The most closely watched rivalries in any sport are those with some history behind them. India vs Pakistan in cricket, Real vs Barca in football, and Lewis Hamilton vs Max Verstappen in Formula 1, to name just a few.
Perhaps one of the more defining but comparatively less talked-about rivalries in cricket has been South Africa vs Australia. It has two of the most crucial elements of a rivalry: both teams are very good, and they truly disliked each other at one point—cue, Australia’s Cape Town ball-tampering row.
Now there may not be an almost militaristic jingoism that one associates with an India vs Pakistan match, but South Africa facing Australia in a World Cup still carries emotional baggage and enough needle to keep fans on the edge of their seats.
Former South African pacer Allan Donald, in an interview with the BBC recently, said about the 1999 World Cup semifinal between the two teams in Birmingham: “Her head in her hands, she was weeping (in the stands). I remember being dragged off the field by security guards. My legs were like jelly; I could barely walk. All I kept thinking was, ‘I let this little girl down’.”
It is a comment not just on the excellence and the expectation that came with that game but also on the pressure and the way that meeting appeared to end eras, epochs defined in a day, and on the impossibility of ever living up to the hype. “The 1999 World Cup one—it’s kind of folklore, isn’t it?,” said Aussie skipper Pat Cummins on the eve of his team’s semifinal against South Africa. “So, I’ve seen that replay heaps of times; you hear the stories. Yeah, mainly just that last ball and last over; I’ve seen that heap of times.”
The match seesawed one way and then the other until Lance Klusener crashed two consecutive fours in the final over to take the score level with just a wicket left. All Donald, at the non-striker’s end, had to do was complete a single. He couldn’t, and the match ended in a tie.

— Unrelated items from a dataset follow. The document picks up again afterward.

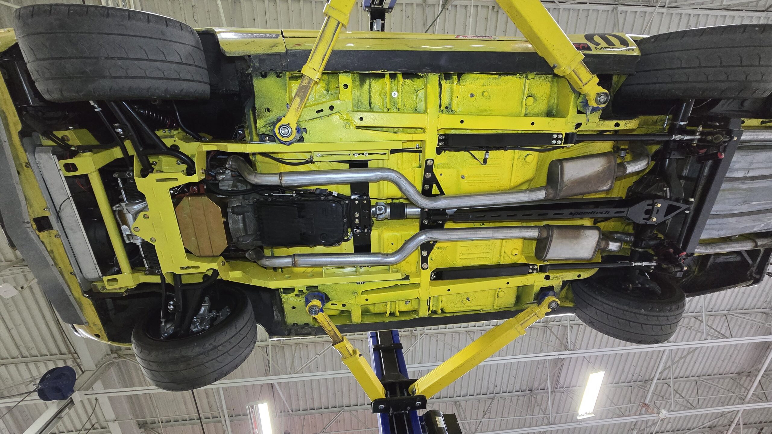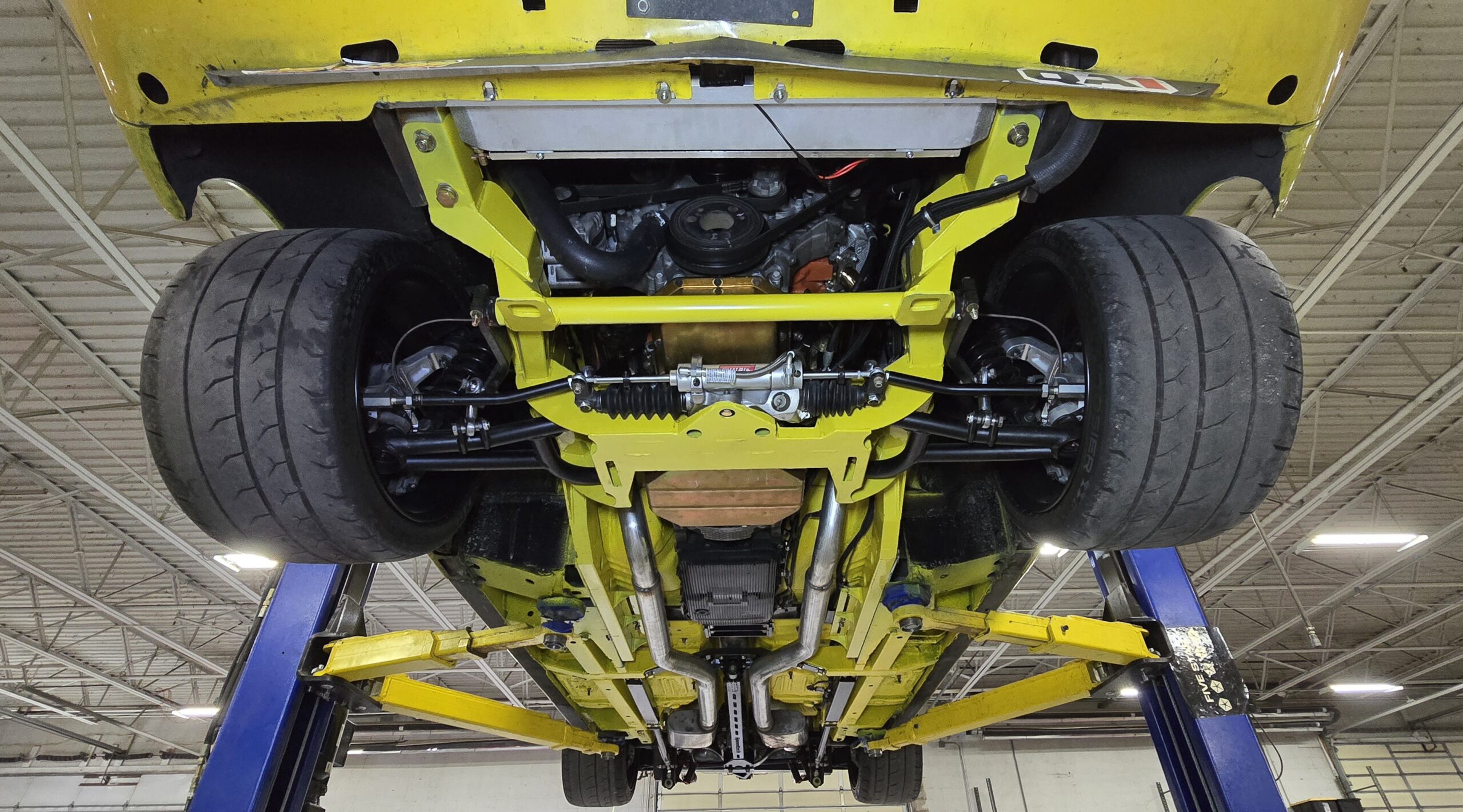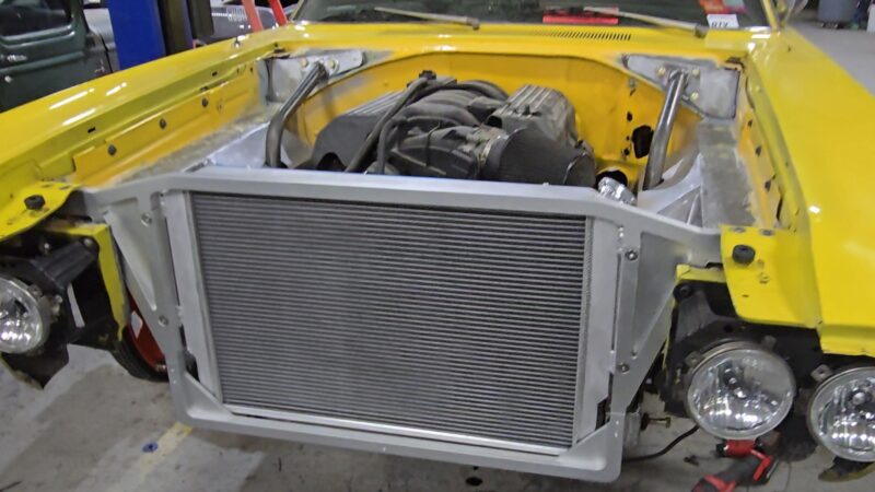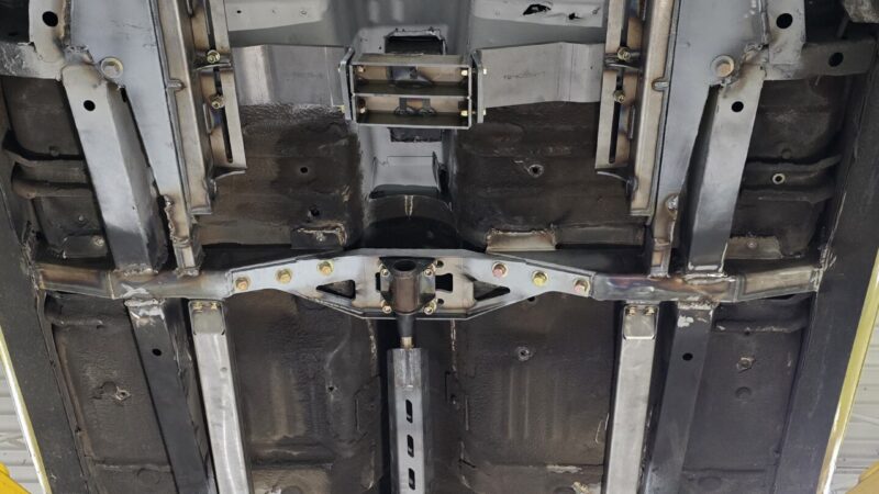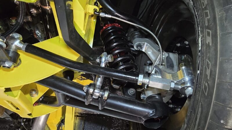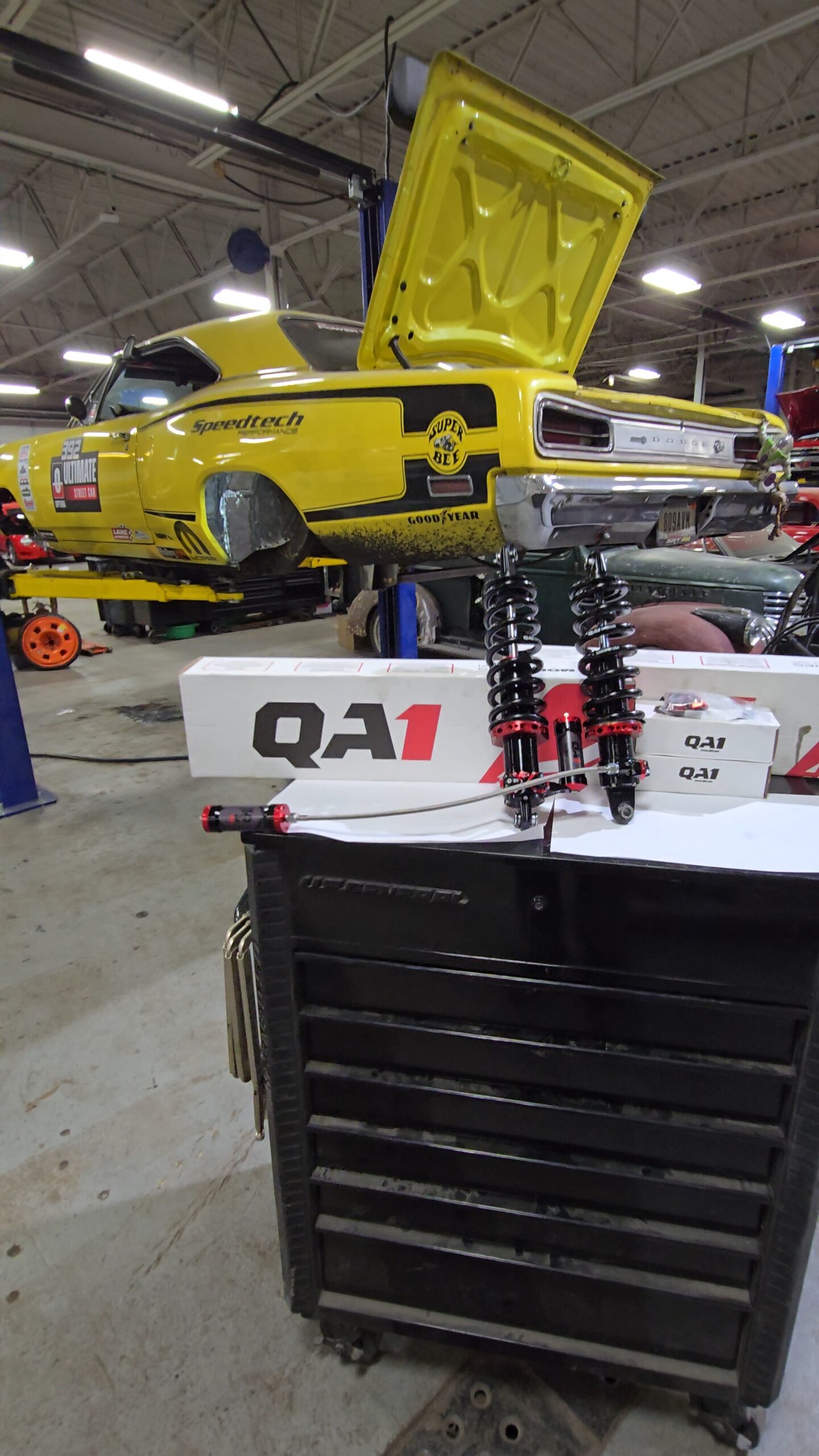 In 2025, the Super Bee entered its most extensive rebuild yet. Due to rust, the chassis was upgraded with a Speedtech Performance Extreme front subframe and rear torque arm, paired with QA1 MOD Series shocks coinciding with the public announcement of the Speedtech and QA1 partnership. Braking was upgraded to C7 Corvette based Wilwood six-piston brakes, and the rear end was replaced with a Dutchman 9-inch axle with Eaton Truetrac, connected by a 4-inch aluminum driveshaft from Action Machine. The car now rides on custom Forgeline wheels with 315/30/18 Hoosier Track Attack tires. custom Pypes exhaust, and features a one-off billet aluminum core support and radiator from Cold Case. Inside, modern seating and a Holley digital gauge package complete the interior.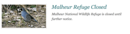 - ↑ Peacher, Amanda (March 2, 2016). "Malheur Refuge Manager: 'It's 1 Big Mess'". Portland, OR: Oregon Public Broadcasting. Retrieved March 13, 2016.
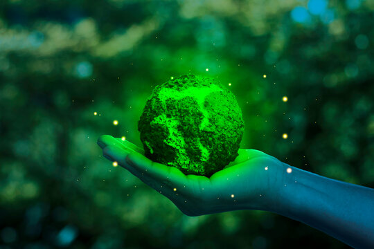 Man holding green glow globe on night nature background concept for future business growth and environmental sustainability and reduce pollution for future business and environmental growth.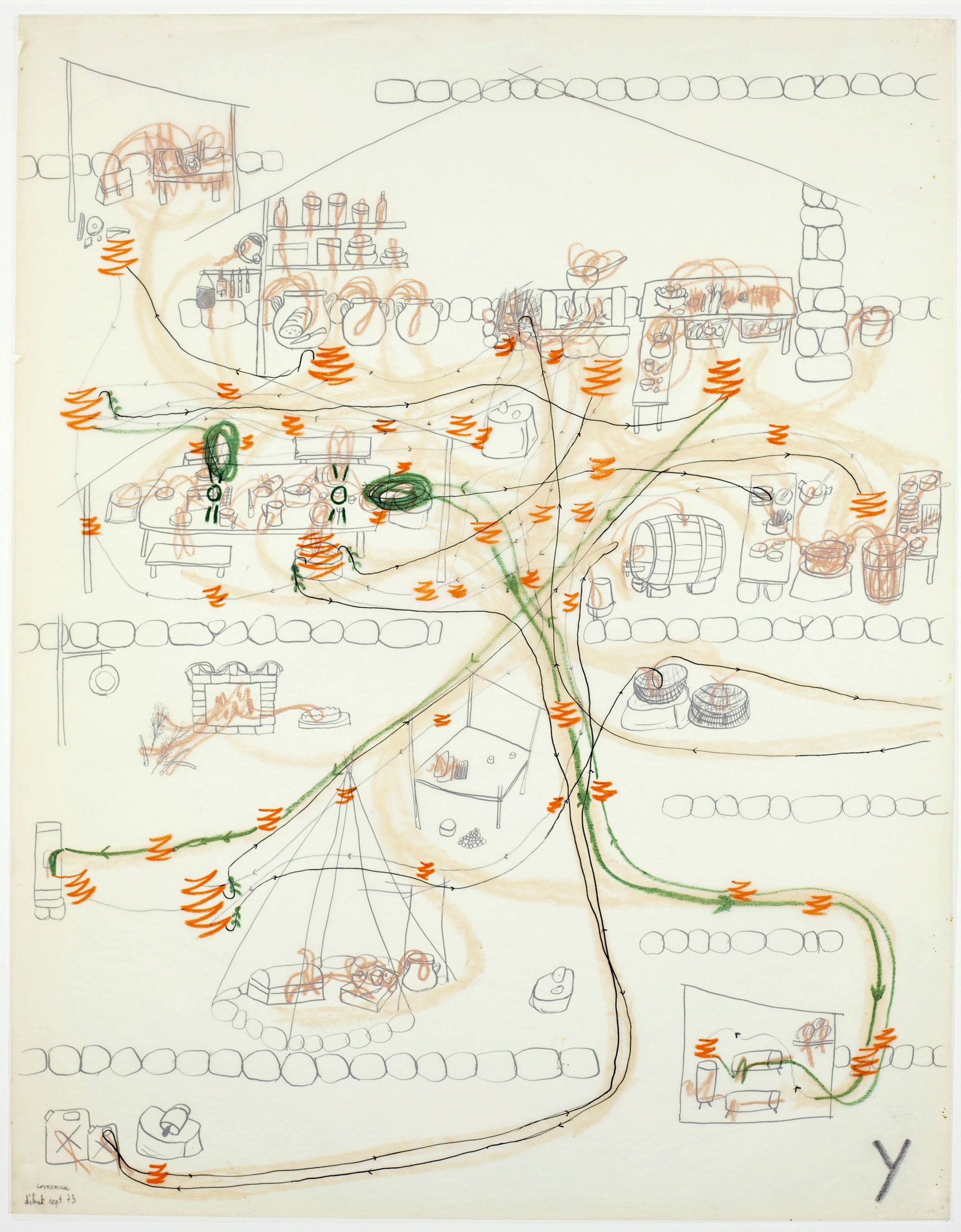 Sur le calque sont reportés les parcours et gestes de l’enfant surnommé « Cornemuse » dans cet espace. Les lignes désignent ses trajets, ses « lignes d’erre ». Celles au crayon indiquent les trajets qu’il accomplit seul ; celles à l’encre de Chine ceux auxquels il est incité par un adulte ; les lignes au pastel vert indiquent les trajets coutumiers, « réitérés » (jusqu’à son lit, au WC, à la table des repas). Le calque est constellé de signes orange qui marquent les points où Cornemuse s’arrête et se balance (on note la présence de petits bonhommes au pastel vert, qui désignent la présence d’un adulte l’incitant à poursuivre son parcours).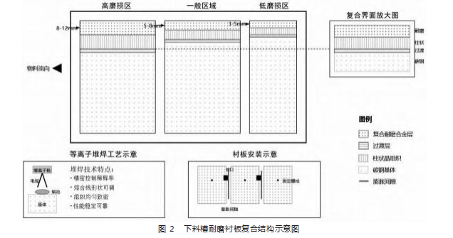 下料槽耐磨衬板作为转炉下料系统的核心易损部件,需长期承受连续物料流动引发的冲蚀磨损与滑动磨损耦合作用,其设计采用多层复合技术,实现耐磨性能与制造成本的协同优化。衬板基体选用普通碳钢来提供结构强度,表面通过堆焊复合耐磨合金层形成主要耐磨保护,如图2所示。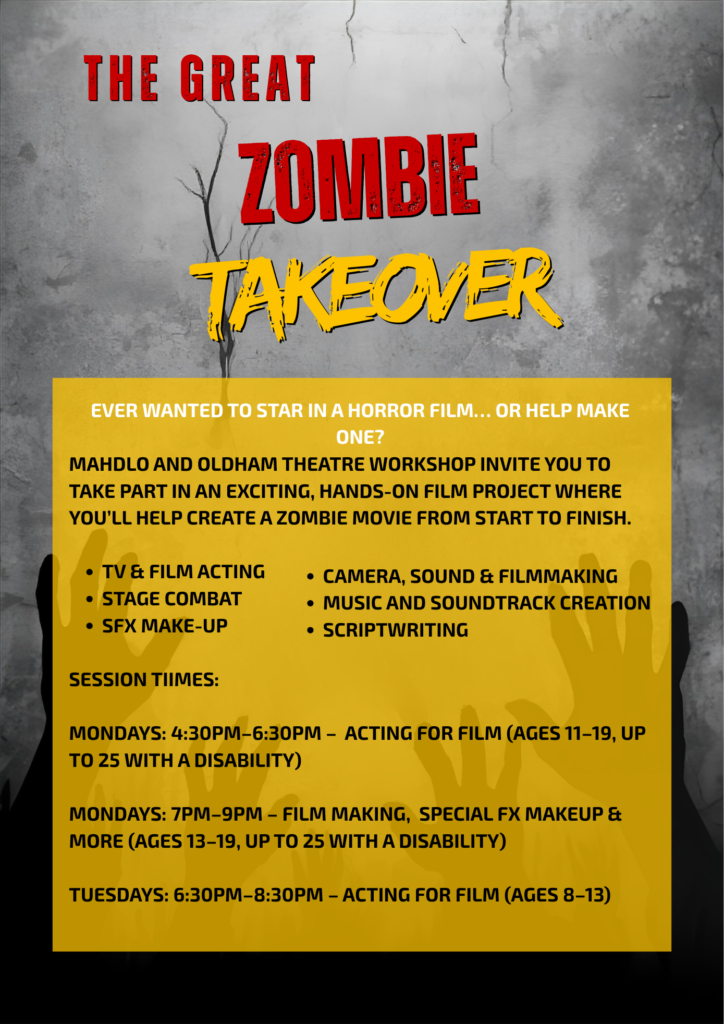 Mahdlo and Oldham Theatre Workshop invite you to take part in an exciting, hands-on film project where you’ll help create a zombie movie from start to finish.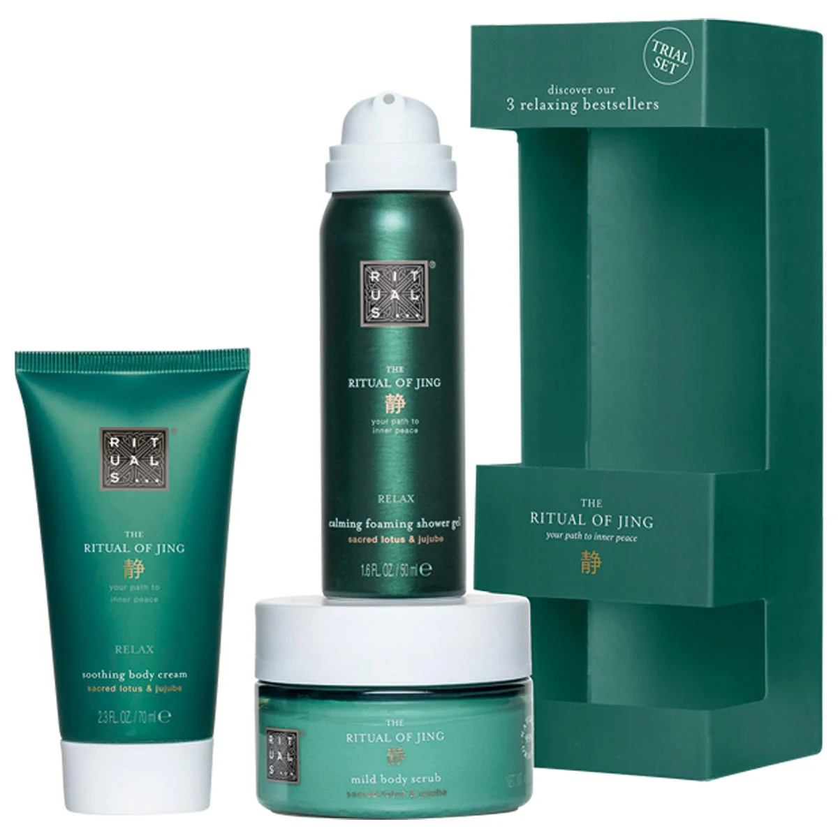 RITUALS The Ritual of Jing 3 Relaxing Bestsellers est un coffret idéal pour découvrir l’univers de Rituals, ce coffret cadeau réunit un trio de best-sellers, tous enrichis d’ingrédients apaisants de lotus sacré et de jujube.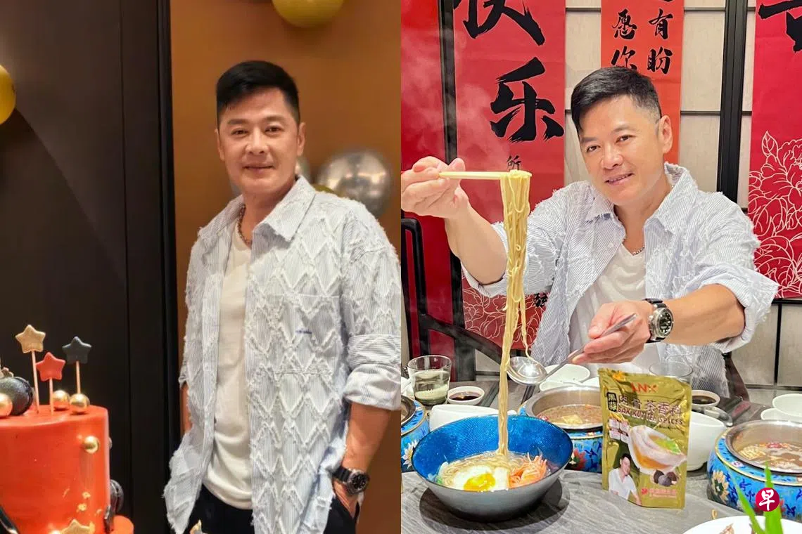 他兴奋地说,很开心能研发出这一款加了两颗黑蒜的养生肉骨茶香料包,并认为对于忙碌的现代人来说,吃得安心和健康最为重要。他在庆生会上让到场的艺人朋友抢先品尝了这款养生汤。他庆生也不忘推销,利用自己推出的肉骨茶香料包作为寿面的汤底,说今后过生日吃寿面,就能很方便的用他这款肉骨茶汤包来烹煮,既美味又养生。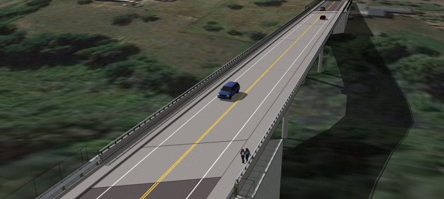 A new two-lane steel and concrete bridge will span the current gap at Whipple Creek. The bridge will be nearly 48 feet above Whipple Creek and will be built to last 75-100 years.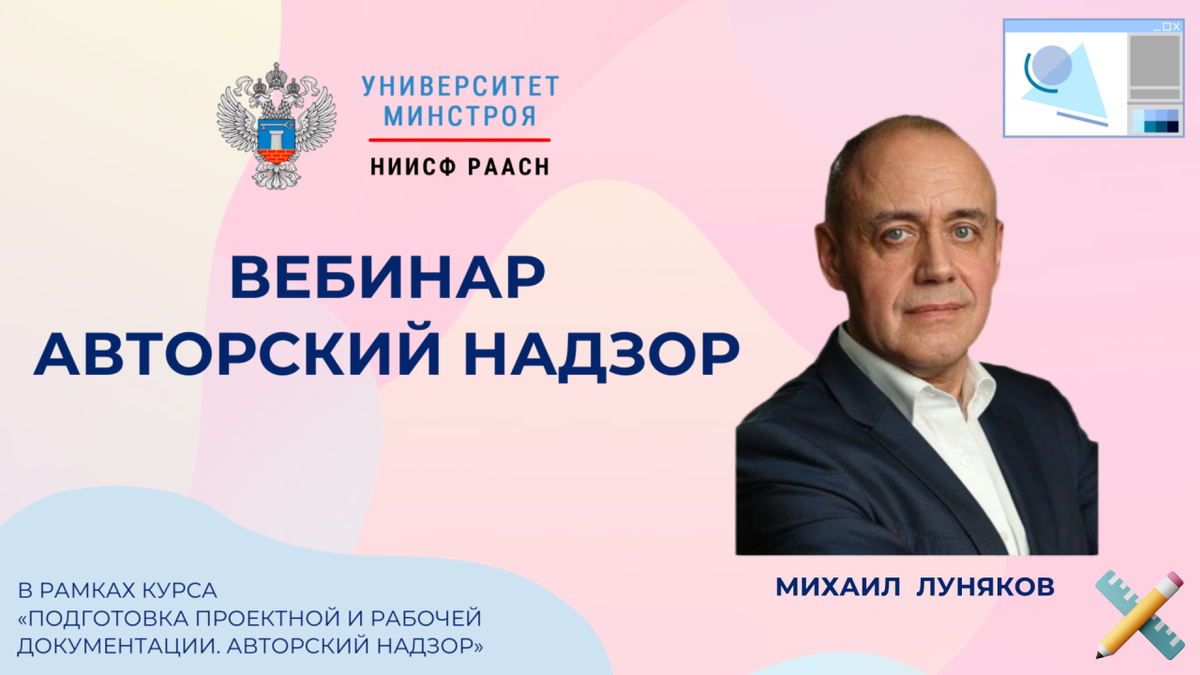 🔔 АВТОРСКИЙ НАДЗОР СТАНЕТ ТЕМOЙ ЗАВТРАШНЕГО ВЕБИНАРА УНИВЕРСИТЕТА МИНСТРОЯ ➡️ Университет Минстроя НИИСФ РААСН завтра проведет бесплатный вебинар «Авторский надзор». Он завершит серию занятий экспресс-курса «Подготовка проектной и рабочей документации. Авторский надзор», объединяющего темы, которые формируют современный подход к проектированию и сопровождению строительства 📹 Эфир состоится 3 декабря с 11:00 до 12:30 (мск). Присоединиться смогут все желающие: ссылка на трансляцию появится в официальной группе Университета Минстроя за 15 минут до начала 🎤 Вебинар проведёт Михаил Александрович Луняков — Завкафедрой Корпоративной кафедры Минстроя России НИУ МГСУ, доктор экономических наук, профессор, государственный советник РФ 2 класса, почётный строитель России и эксперт в сфере нормативного регулирования и надзорных процедур 💬 Завтрашнее занятие будет посвящено современным требованиям к авторскому надзору в 2025 году. Участники узнают, как выстраивается работа специалиста на стр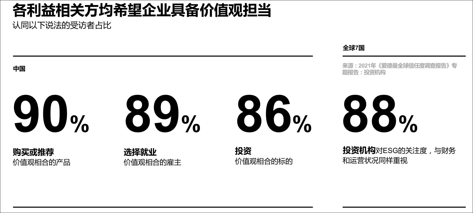 如今,人们都希望企业能够承担更多的社会责任,例如在气候变化、经济不平等、劳动力技能培训和种族歧视等议题。在中国,有90%左右的受访者表示会在购买产品、选择就业、进行投资时考虑企业的价值观。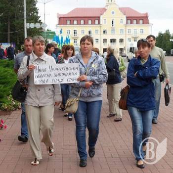 Під Чернігівською обласною державною адміністрацією чорнобильці вимагали припинити порушувати їхні права і закликали керівництво області піти у відставку

At the time, it was only the 15th tied ODI and the first in a World Cup. Australia advanced to the final by virtue of its superior net run rate, where it beat Pakistan to start a winning streak that would span three World Cup titles (1999, 2003, and 2007). Along the way, in the 2007 World Cup semifinal against Australia, Jacques Kallis would fall to Glenn McGrath in the sixth over—one of five South Africa wickets in a skittish first 10 overs—to further perpetuate a fate smeared with heartaches and near-misses.
This year’s Cricket World Cup semifinal comes at an interesting time in the landscape of South African sports. It reaffirmed its status last month as one of the most successful teams in the Rugby World Cup’s relatively brief history, claiming its second consecutive crown and fourth overall.
“To a large degree, we look at them in awe, the Springboks, and how they’ve gone about their back-to-back wins within the World Cup. Obviously, the way they won it this year with the knockout games being quite close, and again, how that resilience and that do-or-die attitude came through,” South Africa captain Temba Bavuma said. “That’s what we’ve been speaking about as a team: when the crunch moment comes, when the pressure moments come, we come together as a team, and we find a way to get over the line.”
Meanwhile, it has been 33 years since South Africa was readmitted into international cricket after a two-decade isolation imposed on the apartheid state, but the wait for silverware continues for this nation of close to 60 million.
Allan Donald and Sachin Tendulkar shared the Player-of-the-Match trophy in South Africa’s first international match after readmission, here at the Eden Gardens in Calcutta in 1991. Interestingly, the series occurred just before India’s planned tour to Australia. Shortly after the last game in Delhi, the Indian team departed for Down Under.
“We had been told India truly loved their cricket, but we had no way of being able to comprehend it without seeing it for ourselves,” wrote Mike Procter, coach of that South African team, in his autobiography Caught In The Middle.
Come Thursday, Bavuma’s men would hope to move a step closer to a golden chapter in the history of South African cricket at a venue where the country was once welcomed back into the sport with love and hospitality.